You are viewing a plain text version of this content. The canonical link for it is here.
Posted to user@flink.apache.org by Gabriel Candal <ga...@gmail.com> on 2019/03/05 14:07:06 UTC

RMQSource synchronous message ack

Hi,

Recently I've opened a Stack Overflow question
<https://stackoverflow.com/questions/54909315/why-does-checkpointing-impact-latency-so-much>
about
latency spikes (~500ms) after a checkpoint operation, even though the
operation itself was relatively fast (~50ms).

I've come to realize that the cause for the latency was that the job was
waiting for the RMQSource to acknowledgeSessionIDs during
notifyCheckpointComplete.

I've noticed that the Kafka connectors do the equivalent operation
(committing offsets) asynchronously, at least from 09 onwards. My question
to you is: can you see any reason why does this acknowledgement have to
synchronous on RabbitMQ?

I believe it should be ok, given that those messages are already reflected
in the checkpointed state, but I'm not sure if there are any negatives
consequences correctness-wise.

Thanks,

Re: RMQSource synchronous message ack

Posted by gcandal <ga...@gmail.com>.
First of all, thanks for your time and quick response.

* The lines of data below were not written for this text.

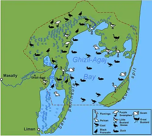 Das Ramsar-Gebiet Kysyl Agatsch war mit rund 88.360 Hektar das größte Naturschutzgebiet Aserbaidschans. Hier überwintern weltweit bedrohte Vogelarten wie die Rothalsgans und die Weißkopf-Ruderente. In den Lagunen und auf vorgelagerten Inseln findet man Rosaflamingos, aber auch der Krauskopfpelikan, Halsbandfrankolin, Reiher, Sichler, Zwergscharben und bedrohte Arten, wie den Steppenkiebitz und die Weißkopf-Ruderente.
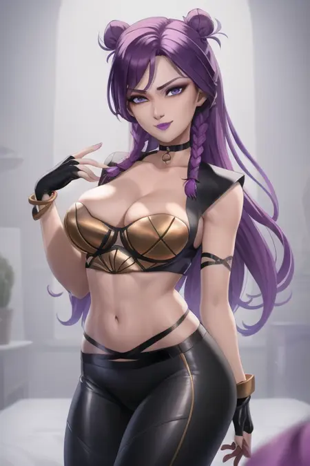 lora:Kaisa-v1-03:0.5, ChopioKaisa, 紫色头发,长发,辫子,发髻,双发髻,紫色眼睛,妆容,口红,紫色嘴唇,看向观众,(脸颊泛红:1),
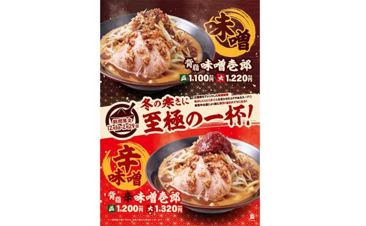 壱角家の冬の定番メニュー!コクのある特製味噌と焦がしにんにくが絡んだスープが冷えた体を温める!壱角家から『背脂味噌壱郎』と『背脂辛…
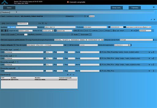 En este panel se ingresa el/los titular/es registral/es. Los mismos pueden ser PH o PJ. Soporta condominio y apoderados.
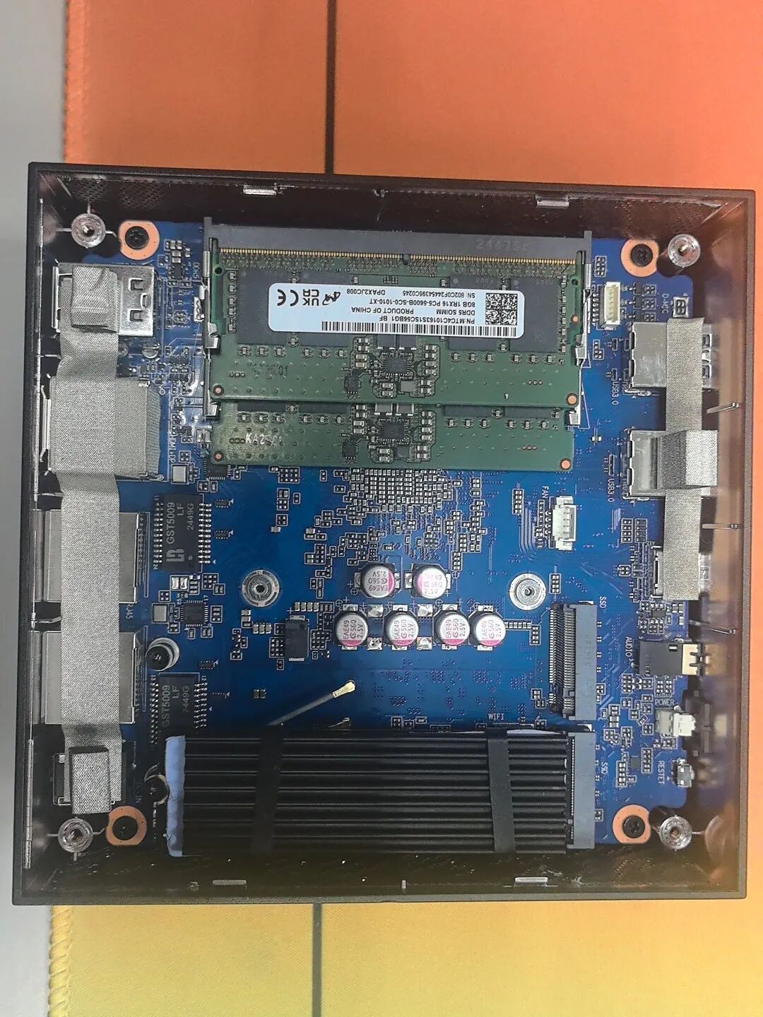 机器扩展方面,比较偏向笔记本的设计,双铜管散热+散热鳍片,内存和固态都覆盖了散热片。支持双DDR5内存插槽(最高64G)和双M.2硬盘位,扩展性拉满。不过还是需要注意一下散热,估计很多老哥在高应用都会嫌吵,满载时风扇噪音达48分贝。
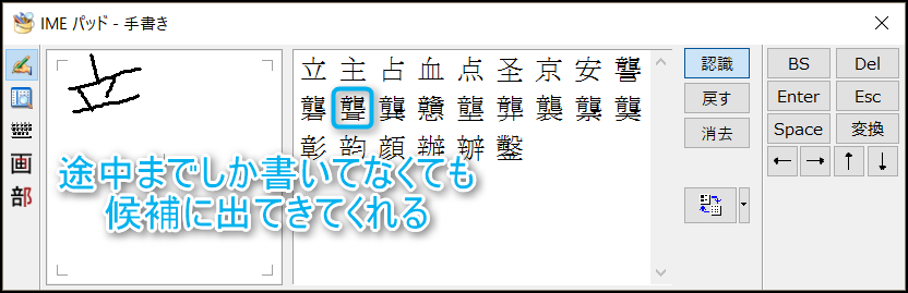 マウスで漢字を書くとか難しすぎるよ!って思うかもしれないけど、別に丁寧に書く必要はない。棒の本数とか、その漢字の特徴をしっかり書くことが出来れば、問題なく読み取ってくれるから安心して欲しい。

I'm not completely sure I understood your example, but is this what you
mean:

- Sink processes A, B, C
- Checkpoint persisted with A, B, C
- Notify checkpoint starts
- Notify checkpoints ACKs A
- Notify checkpoints ACKs B
- Job crashes
- Job resumes from checkpoint with A, B, C
- Job will re-process C because it was not ACK'ed

Was this it?

On a non-failure scenario (e.g.: asking the job to stop) the job wouldn't
finish before the notify is complete, even though it's asynchronous:

- Sink processes A, B, C
- Checkpoint persisted with A, B, C
- Notify checkpoint starts
- Notify checkpoints ACKs A
- Notify checkpoints ACKs B
- Job asked to stop
- Job waiting for notify to end
- Notify checkpoints ACKs C
- Job stops

This seems to be the behaviour of Kafka09Fetcher + KafkaConsumerThread, or
is there anything I'm overlooking?



--
Sent from: http://apache-flink-user-mailing-list-archive.2336050.n4.nabble.com/

Re: RMQSource synchronous message ack

Posted by Chesnay Schepler <ch...@apache.org>.
The acknowledgement has to be synchronous since Flink assume that after 
notifyCheckpointComplete() all data has been persisted to external 
systems. For example, if record 1 to 100 were passed to the sink and a 
checkpoint occurs and completed, on restart Flink would continue with 
record 101. But if the sink does not synchronously waits for all updates 
to be persisted the checkpoint may finish, and if then send asynchronous 
update (say for record 99) then Flink will _still_ resume from record 101.

On 05.03.2019 15:07, Gabriel Candal wrote:
> Hi,
>
> Recently I've opened a Stack Overflow question 
> <https://stackoverflow.com/questions/54909315/why-does-checkpointing-impact-latency-so-much> about 
> latency spikes (~500ms) after a checkpoint operation, even though the 
> operation itself was relatively fast (~50ms).
>
> I've come to realize that the cause for the latency was that the job 
> was waiting for the RMQSource to acknowledgeSessionIDs during 
> notifyCheckpointComplete.
>
> I've noticed that the Kafka connectors do the equivalent operation 
> (committing offsets) asynchronously, at least from 09 onwards. My 
> question to you is: can you see any reason why does this 
> acknowledgement have to synchronous on RabbitMQ?
>
> I believe it should be ok, given that those messages are already 
> reflected in the checkpointed state, but I'm not sure if there are any 
> negatives consequences correctness-wise.
>
> Thanks,
>